> THE PROBLEM
A full, word-for-word copy of the listing below is needed; leave the images out of it.
───
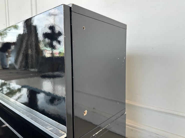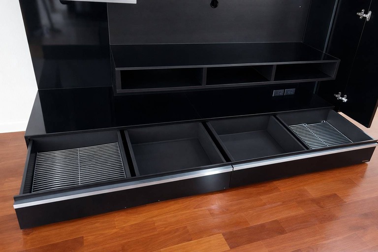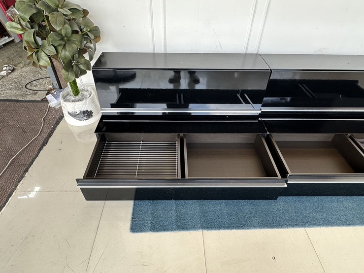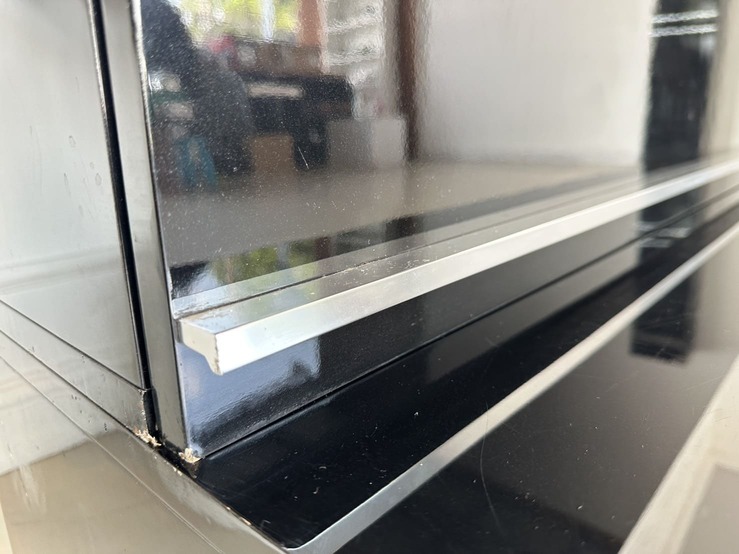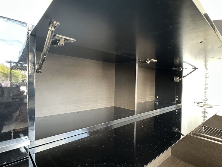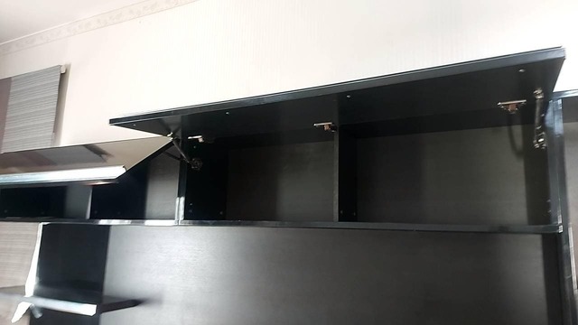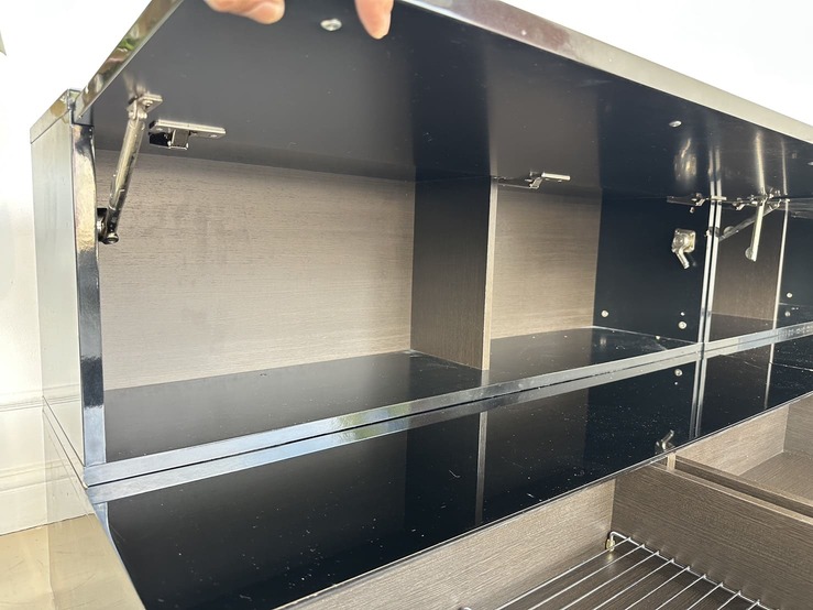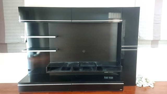 ตู้วางทีวี พร้อมตู้แขวนติดผนัง แบรนด์ TRENDESIGN มือจับอลูมิเนียม โครงไม้ MDF สีดำไฮกรอสสีดำ
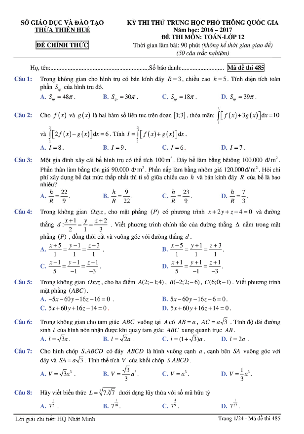 Đề thi thử THPT Quốc gia 2017 môn Toán sở GD và ĐT Thừa Thiên Huế
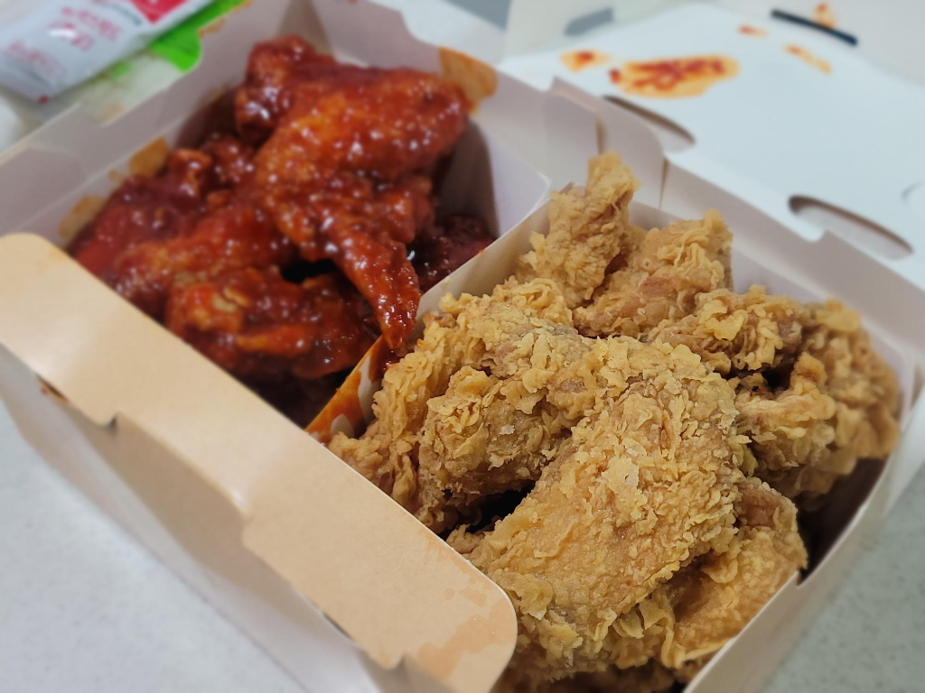 야밤에도 침이 고이는 비주얼입니다. BHC 뿌링클이 참 맛있긴해도 가끔씩은 이렇게 무난하게 반반을 먹어주는 것도 좋습니다. 질리지 않는 맛이죠.
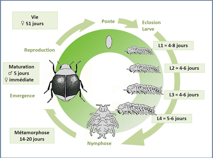 Ci-dessus le cycle de développement de Cryptolaemus montrouzieri.
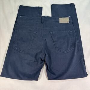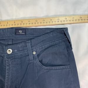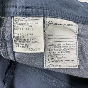 Upgrade your wardrobe with these navy blue AG Adriano Goldschmied pants in size 32X34. Made from a cotton blend material, these chino style pants feature a flat front and tapered leg for a regular fit. The zip and button closure ensure a secure fit while the stretch and pockets features make them perfect for travel, casual or workwear occasions.
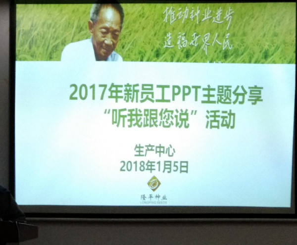 1月5日,生產(chǎn)中心2017年新員工PPT主題分享“聽我跟您說”活動在公司三樓會議室順利舉行。公司總經(jīng)理助理鄧總、營銷支持部傅經(jīng)理、行政人事中心企業(yè)文化主管及生產(chǎn)中心員工共計50余人參加。 新員工PPT主題分享“聽我跟您說”活動是生產(chǎn)中心近年來一直堅持的傳統(tǒng),旨在加強生產(chǎn)中心年輕團隊的梯隊建設(shè),提高新員工PPT制作水平與個人演講表達(dá)能力,總結(jié)與分享在基地的工作經(jīng)歷。每年分享會,新員工總給帶給我們諸多驚喜和感悟,因此,分享會也成了生產(chǎn)中心最受期待的活動之一。 此次分享會共有15位來自各個生產(chǎn)基地新員工進行了分享。大家分別就自己近半年來的工作生活情況,圍繞“自我挑戰(zhàn)”、“成長提升”、“經(jīng)驗分享”、“抓生產(chǎn)質(zhì)量”、“過程監(jiān)控”、“責(zé)任心”、“問題解決”、“陽光心態(tài)”等方面進行了精彩分享。他們的分享或激情昂揚、或深入透徹、或幽默風(fēng)趣、或內(nèi)容豐富,讓我們了解了他們作為一個隆平生產(chǎn)人的經(jīng)歷和成長,盡管他們對工作、對生活有著各自的感悟和收獲,但我們聽到了他們作為一名生產(chǎn)人,作為一名隆平人的共同的心聲,那就是責(zé)任、共贏、成長、感恩。 新員工分享結(jié)束后,生產(chǎn)中心一家人進行了座談交流。作為前輩,老員工們對新員工的成長進步表示祝賀和鼓勵,同時也提出了他們的期望,希望年輕一輩的生產(chǎn)人繼續(xù)發(fā)揚吃苦耐勞的精神,沉下心來,扎扎實實做好生產(chǎn)工作;養(yǎng)成良好的工作習(xí)慣,下到田間地頭,隨時記錄發(fā)現(xiàn)問題,多問,多思考,多向前輩請教。 通過分享會,全體生產(chǎn)人統(tǒng)一了思想和認(rèn)識,一顆種子悄然萌芽,大家認(rèn)識到:我們是負(fù)責(zé)雜交水稻種子生產(chǎn)的,新員工就是我們的“種子”,代表生產(chǎn)中心的希望,他們的茁長成長就是部門的發(fā)展成長。 最好的我們在最好的時間遇到了最好的平臺——隆平種業(yè)。2018,我們蓄勢待發(fā)!
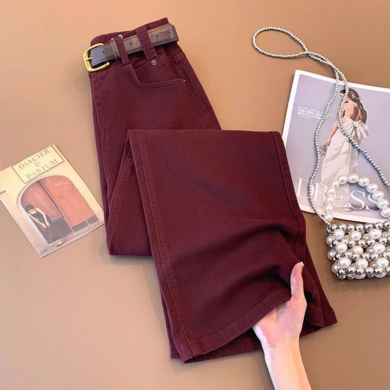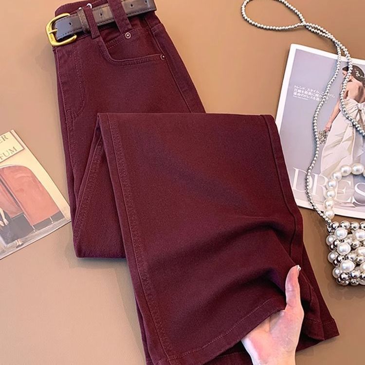 Ankora Red Explosive 좁은 넓은 다리 청바지 여성의 2025 봄 새로운 높은 허리 슬리밍 캐주얼 바지 스트레이트 다리 바지
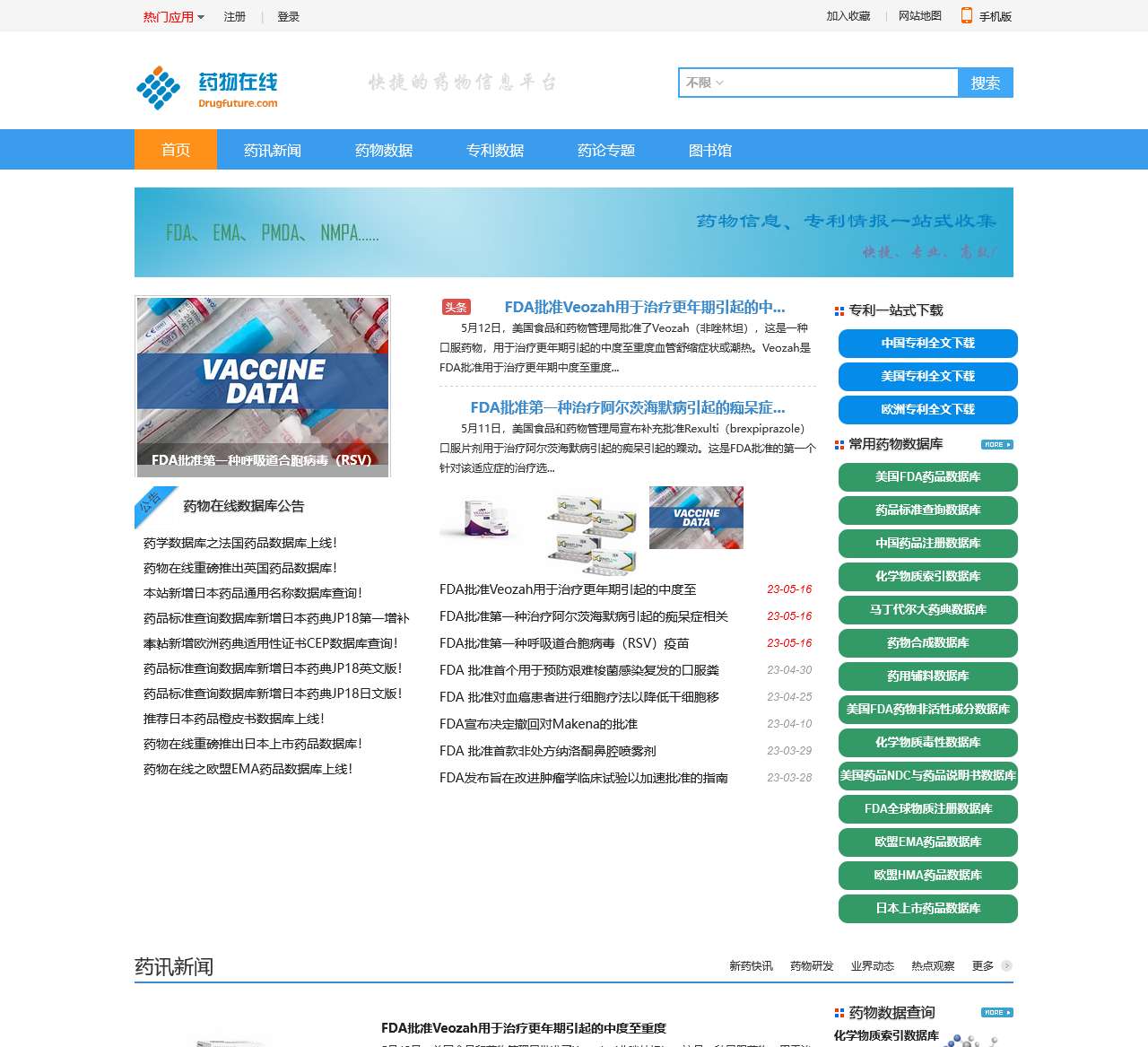 Drug Future药物在线是一家提供全面药物信息的网站,致力于为用户提供权威、准确和及时的药物相关数据。我们汇集了多个重大的药物数据库和专利数据库,方便用户进行药物查询、专利检索和相关研究。以下是我们网站提供的一些主要功能和服务:
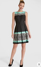 Tahari ASL Levine Black Pleated Fit and Flare Dress Paisley Sz 2 Career Cocktail
───
> WRITTEN ANSWER
 ตู้วางทีวี พร้อมตู้แขวนติดผนัง แบรนด์ TRENDESIGN มือจับอลูมิเนียม โครงไม้ MDF สีดำไฮกรอสสีดำ
 Đề thi thử THPT Quốc gia 2017 môn Toán sở GD và ĐT Thừa Thiên Huế
 야밤에도 침이 고이는 비주얼입니다. BHC 뿌링클이 참 맛있긴해도 가끔씩은 이렇게 무난하게 반반을 먹어주는 것도 좋습니다. 질리지 않는 맛이죠.
 Ci-dessus le cycle de développement de Cryptolaemus montrouzieri.
 Upgrade your wardrobe with these navy blue AG Adriano Goldschmied pants in size 32X34. Made from a cotton blend material, these chino style pants feature a flat front and tapered leg for a regular fit. The zip and button closure ensure a secure fit while the stretch and pockets features make them perfect for travel, casual or workwear occasions.
 1月5日,生產(chǎn)中心2017年新員工PPT主題分享“聽我跟您說”活動在公司三樓會議室順利舉行。公司總經(jīng)理助理鄧總、營銷支持部傅經(jīng)理、行政人事中心企業(yè)文化主管及生產(chǎn)中心員工共計50余人參加。 新員工PPT主題分享“聽我跟您說”活動是生產(chǎn)中心近年來一直堅持的傳統(tǒng),旨在加強生產(chǎn)中心年輕團隊的梯隊建設(shè),提高新員工PPT制作水平與個人演講表達(dá)能力,總結(jié)與分享在基地的工作經(jīng)歷。每年分享會,新員工總給帶給我們諸多驚喜和感悟,因此,分享會也成了生產(chǎn)中心最受期待的活動之一。 此次分享會共有15位來自各個生產(chǎn)基地新員工進行了分享。大家分別就自己近半年來的工作生活情況,圍繞“自我挑戰(zhàn)”、“成長提升”、“經(jīng)驗分享”、“抓生產(chǎn)質(zhì)量”、“過程監(jiān)控”、“責(zé)任心”、“問題解決”、“陽光心態(tài)”等方面進行了精彩分享。他們的分享或激情昂揚、或深入透徹、或幽默風(fēng)趣、或內(nèi)容豐富,讓我們了解了他們作為一個隆平生產(chǎn)人的經(jīng)歷和成長,盡管他們對工作、對生活有著各自的感悟和收獲,但我們聽到了他們作為一名生產(chǎn)人,作為一名隆平人的共同的心聲,那就是責(zé)任、共贏、成長、感恩。 新員工分享結(jié)束后,生產(chǎn)中心一家人進行了座談交流。作為前輩,老員工們對新員工的成長進步表示祝賀和鼓勵,同時也提出了他們的期望,希望年輕一輩的生產(chǎn)人繼續(xù)發(fā)揚吃苦耐勞的精神,沉下心來,扎扎實實做好生產(chǎn)工作;養(yǎng)成良好的工作習(xí)慣,下到田間地頭,隨時記錄發(fā)現(xiàn)問題,多問,多思考,多向前輩請教。 通過分享會,全體生產(chǎn)人統(tǒng)一了思想和認(rèn)識,一顆種子悄然萌芽,大家認(rèn)識到:我們是負(fù)責(zé)雜交水稻種子生產(chǎn)的,新員工就是我們的“種子”,代表生產(chǎn)中心的希望,他們的茁長成長就是部門的發(fā)展成長。 最好的我們在最好的時間遇到了最好的平臺——隆平種業(yè)。2018,我們蓄勢待發(fā)!
 Ankora Red Explosive 좁은 넓은 다리 청바지 여성의 2025 봄 새로운 높은 허리 슬리밍 캐주얼 바지 스트레이트 다리 바지
 Drug Future药物在线是一家提供全面药物信息的网站,致力于为用户提供权威、准确和及时的药物相关数据。我们汇集了多个重大的药物数据库和专利数据库,方便用户进行药物查询、专利检索和相关研究。以下是我们网站提供的一些主要功能和服务:
 Tahari ASL Levine Black Pleated Fit and Flare Dress Paisley Sz 2 Career Cocktail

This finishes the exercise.